Graphic programming enthusiast
If you're looking for ideas and haven't seen nemu64's debugger (Windows only), I'd highly suggest checking it out. I can confidently state that it is the best N64 (emulation-based) debugger.
Thanks for the informations! :)
 

Cyberman

Moderator
Moderator
From what i've seen QT seems easy enoguh for my needs and will probably be the api for the mail application. I'm still not sure for the debugger. Another solution would be to embed a web server in the emulator and do a web interface. The advantage is that it can still be used if one day the emulator is ported to other OS or if one day i want to change the framework used for main application gui.
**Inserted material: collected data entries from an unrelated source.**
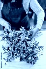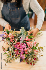 Woman florist makes flowers bouquet and wrapping in pack paper
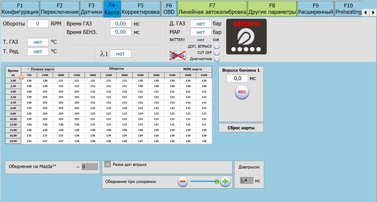 Настройка Lovato (Easy Fast, Smart, ExR) принципиально отличается от Digitronic. Если в Digitronic мы видим «кривые» (графики), то в Lovato — это цифровая таблица (матрица). Вот пошаговый алгоритм, как правильно с ней работать: 1. Автокалибровка — это «фундамент» Запускается на прогретом авто. Lovato в этот момент сама подбирает базовый коэффициент. Важно: В Lovato после автокалибровки все ячейки таблицы будут заполнены числами (например, 120, 130 и т.д.). Это не время впрыска, это относительные коэффициенты. 2. Главный принцип Lovato: «Метод переключений» В отличие от Digitronic, где мы смотрим на схождение линий, в Lovato настройка идет по ячейкам в реальном времени. Откройте вкладку «Карта» (Map). Вы увидите таблицу: по вертикали — обороты (RPM), по горизонтали — время впрыска бензина (нагрузка). На карте будет бегать синий квадрат (курсор) — он показывает, в какой ячейке двигатель работает прямо сейчас. Алгоритм настройки ячейки: Удерживайте педаль газа в одном положении (например,
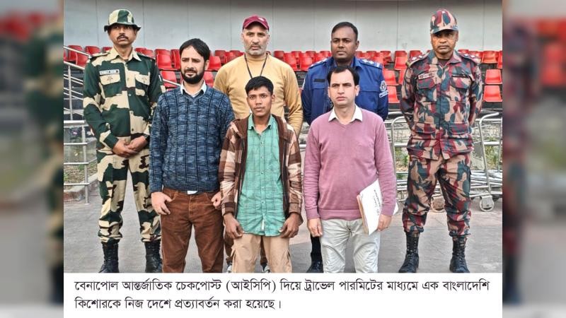 বেনাপোল আন্তর্জাতিক চেকপোস্ট (আইসিপি) দিয়ে ট্রাভেল পারমিটের মাধ্যমে এক বাংলাদেশি কিশোরকে নিজ দেশে প্রত্যাবর্তন করা হয়েছে। বৃহস্পতিবার (২৫ ডিসেম্বর) সন্ধ্যায় ভারতের পেট্রাপোল ইমিগ্রেশন পুলিশ তাকে বেনাপোল ইমিগ্রেশন পুলিশের কাছে হস্তান্তর করে।

Well from my annoyances with GUI's GTK and GTK+ are a bit of a pane. As you don't have a built in way to setup to GUI elements and must rely on a tool called GLADE.
This is somewhat better than MS tools but definately nothing like the tools borland had. You could do most of your event driven programming parts in a few hours than work on the meat of your program.
Glade is for GTK I don't know what wxwindows uses I believe QT does something with wx not sure. Some sort of generic GUI assembly tool would be darn handy, I think Glade does that however figuring out how to dump events into the GUI has always been a headache for me.

Cyb
 

vinipsmaker

C/C++ programmer, emacs user
QT does something with wx not sure.

Qt uses XML files generated through a visual editor. These files are compiled into C++ source code. It's pretty straight forward.
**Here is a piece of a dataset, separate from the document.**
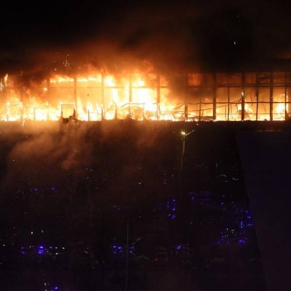 Según un reportero de la agencia rusa Ria Novosti, personas con uniformes de camuflaje irrumpieron en la sala y abrieron fuego antes de lanzar "una granada o una bomba incendiaria, provocando un incendio".

There is also the "new generation" UI, which uses the best ideas from the Enlightenment's EFL project (started with the QGraphicsView smart canvas, then continued to the QML declarative interface and now they are (re-)creating the widgets on top of all this new base). Look for QML demo videos on youtube. In this flavour, the interface is declarative and not translated in C++ code, but directly interpreted.
 

Cyberman

Moderator
Moderator
Qt uses XML files generated through a visual editor. These files are compiled into C++ source code. It's pretty straight forward.
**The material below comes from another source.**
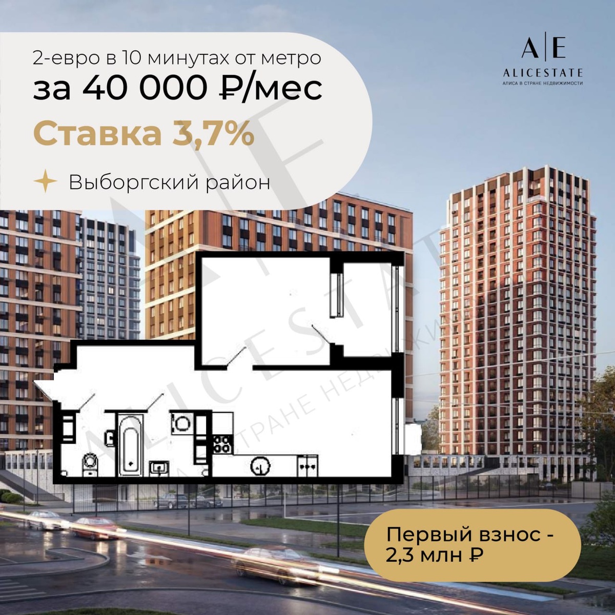 🔥 2-евро в Выборгском районе со ставкой 3,7% на весь срок

There is also the "new generation" UI, which uses the best ideas from the Enlightenment's EFL project (started with the QGraphicsView smart canvas, then continued to the QML declarative interface and now they are (re-)creating the widgets on top of all this new base). Look for QML demo videos on youtube. In this flavour, the interface is declarative and not translated in C++ code, but directly interpreted.
Kind of sounds like C# (which is old generation really but who is counting).
More questions keep poping up ... in my mind.
wx appears to create a 'stub' object that's called from the actually application and that actually generates your GUI. Kind of different.